More extensive non-programming problems, that require significant time, effort, and care, will be assigned in problem sets due every 4 weeks or so. Problem sets may be completed in groups up to a certain size. Solutions will be presented orally, in person with the instructor. Each group is also required to hand in a written outline of their solutions. Each group member is responsible to understand and explain any solution. More details on this process are available on the course webpage.
No collaboration or discussion is allowed outside of the group. Any outside resources used must be clearly documented.
There will be 3 programming projects in this class, spaced out between the due dates of the problem sets. Details on electronic submission will be published along with the projects and must be followed. Programming projects in this class will require not only coding skills, but also algorithmic development skills, and therefore starting early is extremely important. For programming projects, informal discussion between students is allowed, but not collaboration (see definitions below). All discussion and outside resources must be clearly and specifically documented.

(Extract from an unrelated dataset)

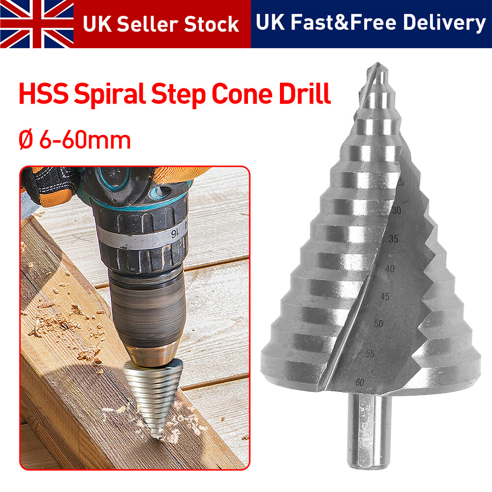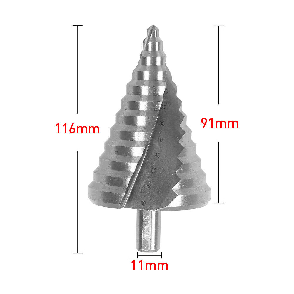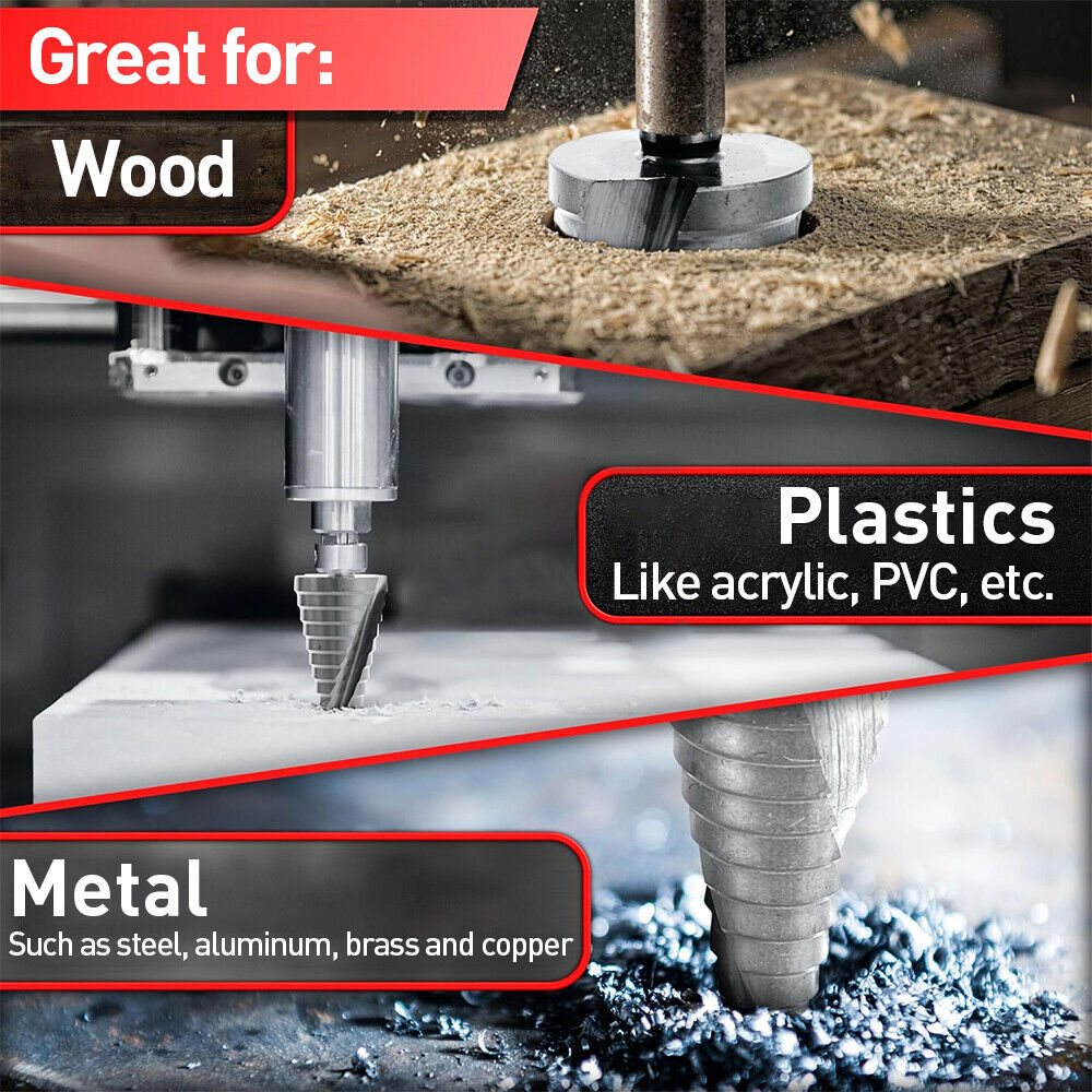 The stepped drill bit build in 12 steps drilling size(6mm, 10mm, 15mm, 20mm, 25mm, 30mm, 35mm, 40mm, 45mm, 50mm, 55mm, 60mm). One-time enlarger holes, no need to replace the drill bit and positioning hole during using.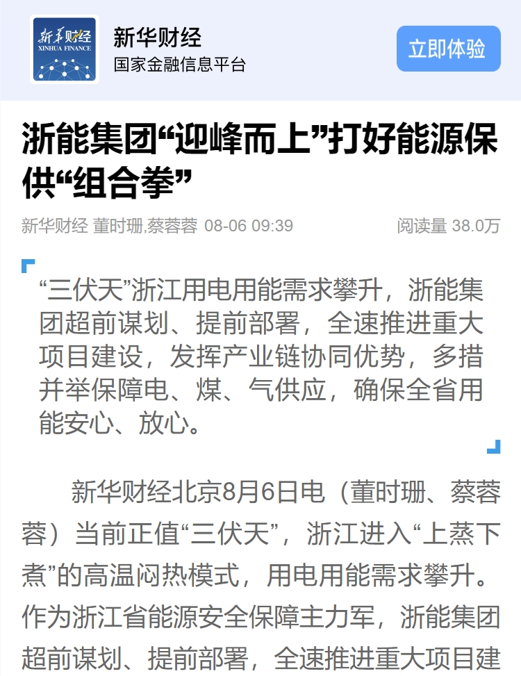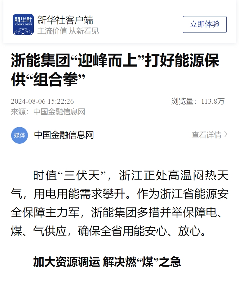 新華社客戶端、新華財經(jīng)客戶端報道《打好迎峰度夏“組合拳” 浙能集團持續(xù)提升能源保供能力》。

There will be one midterm exam and one final exam. The final exam will be cumulative. Students will be allowed one "crib sheet" for the midterm and two for the final.
- 15%: Quizzes
- 20%: Problem sets (4)
- 20%: Programming projects (3)
- 15%: Midterm exam (1)
- 30%: Final exam
Solutions to all problem sets and programming projects will be published as soon as they are due, and therefore no work submitted after the deadline will receive credit. Exceptions to this rule will only be made in special circumstances or when requested well in advance.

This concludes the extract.